Inleiding
Met ruim 2200 nieuwe gevallen in 2022 is het endometriumcarcinoom in Nederland de meest voorkomende gynaecologische maligniteit.1 Het endometroïde subtype komt met 85 procent het meest frequent voor. Vijf jaar na diagnose is 80 procent van de patiënten nog in leven en ten tijde van de primaire diagnose heeft respectievelijk 9 procent en 8 procent van de patiënten FIGO-stadium III of IV ziekte. De gebruikelijke eerstelijns systemische behandeling van het primair gemetastaseerde of gerecidiveerde endometriumcarcinoom bestaat uit driewekelijkse toedieningen van carboplatine (AUC 6) en paclitaxel (175 mg/m2 lichaamsoppervlakte).2 Na progressie op eerstelijnsbehandeling is pembrolizumab in combinatie met lenvatinib beschikbaar, ongeacht de tumor mismatch repair (MMR)-status.3 Een mismatch repair-deficiëntie (dMMR), somatisch verworven of in het kader van het Lynch-syndroom, komt voor in 30-40 procent van de endometriumcarcinomen.
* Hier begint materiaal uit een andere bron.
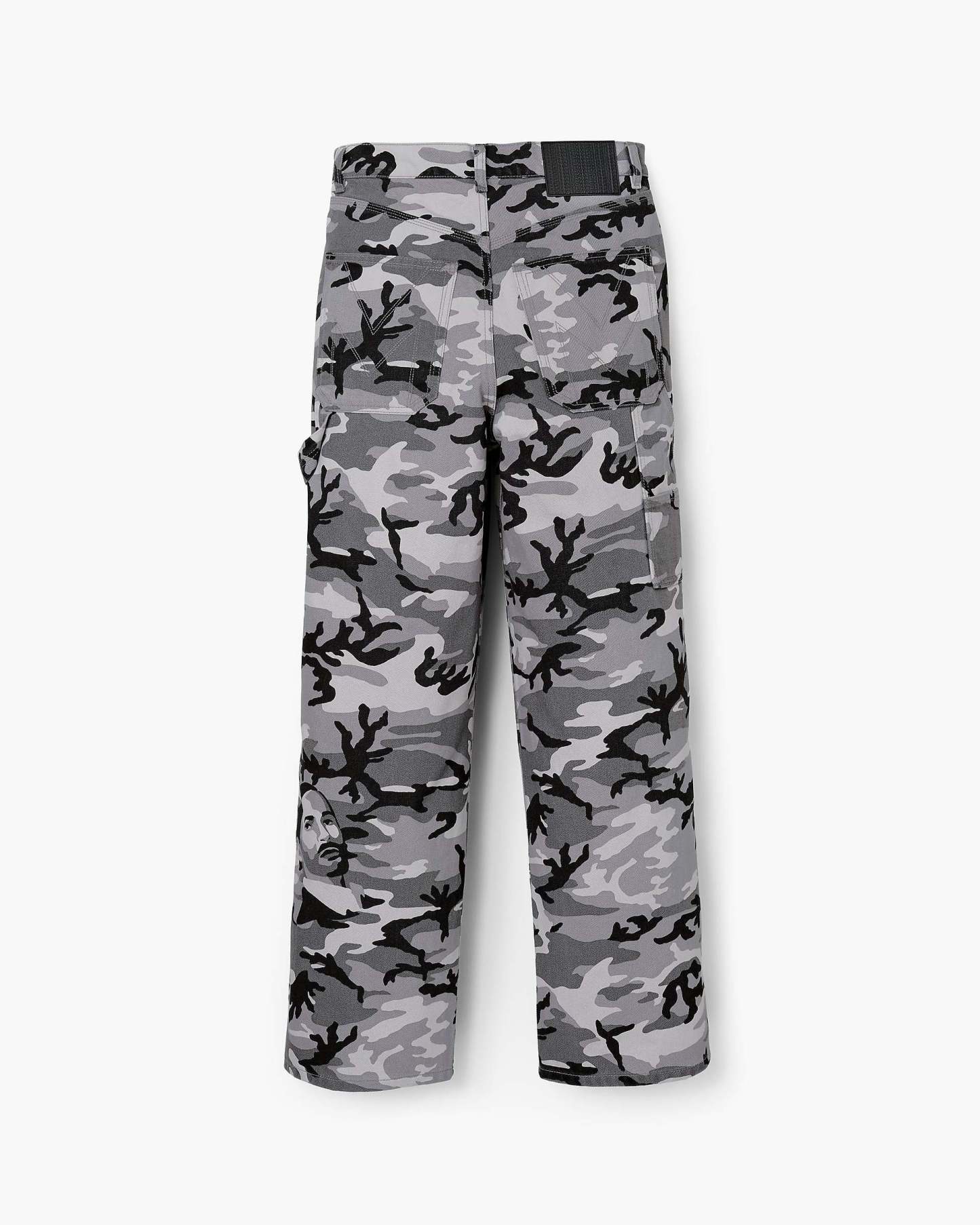 Our beloved Oversized Jean silhouette reimagined in our seasonal Marc Camo motif. Celebrating the face behind our brand, this baggy low-rise silhouette features 7 pockets for optimized organization, custom logo branded tack buttons, thoughtfully composed layered placed prints and a button-fly closure. Shop Mathtrc Jacthtobs Marc Camo Oversized Jean

De eerder uitgevoerde niet-gerandomiseerde fase I/II-studie GARNET liet bij patiënten met een dMMR of MSIH gemetastaseerd endometriumcarcinoom die vanaf de tweede lijn behandeld werden met de PD1-remmer dostarlimab een responspercentage zien van 43 procent na een mediane follow-upduur van 16 maanden. Vanwege de niet-zeldzame indicatie kon deze studie niet volgens de PASKWIL-criteria voor niet-gerandomiseerde studies beoordeeld worden. 4
De EMA heeft dostarlimab geregistreerd als eerstelijnsbehandeling in combinatie met carboplatine en paclitaxel bij patiënten met een gevorderd of gerecidiveerd dMMR-/MSI-H-endometriumcarcinoom.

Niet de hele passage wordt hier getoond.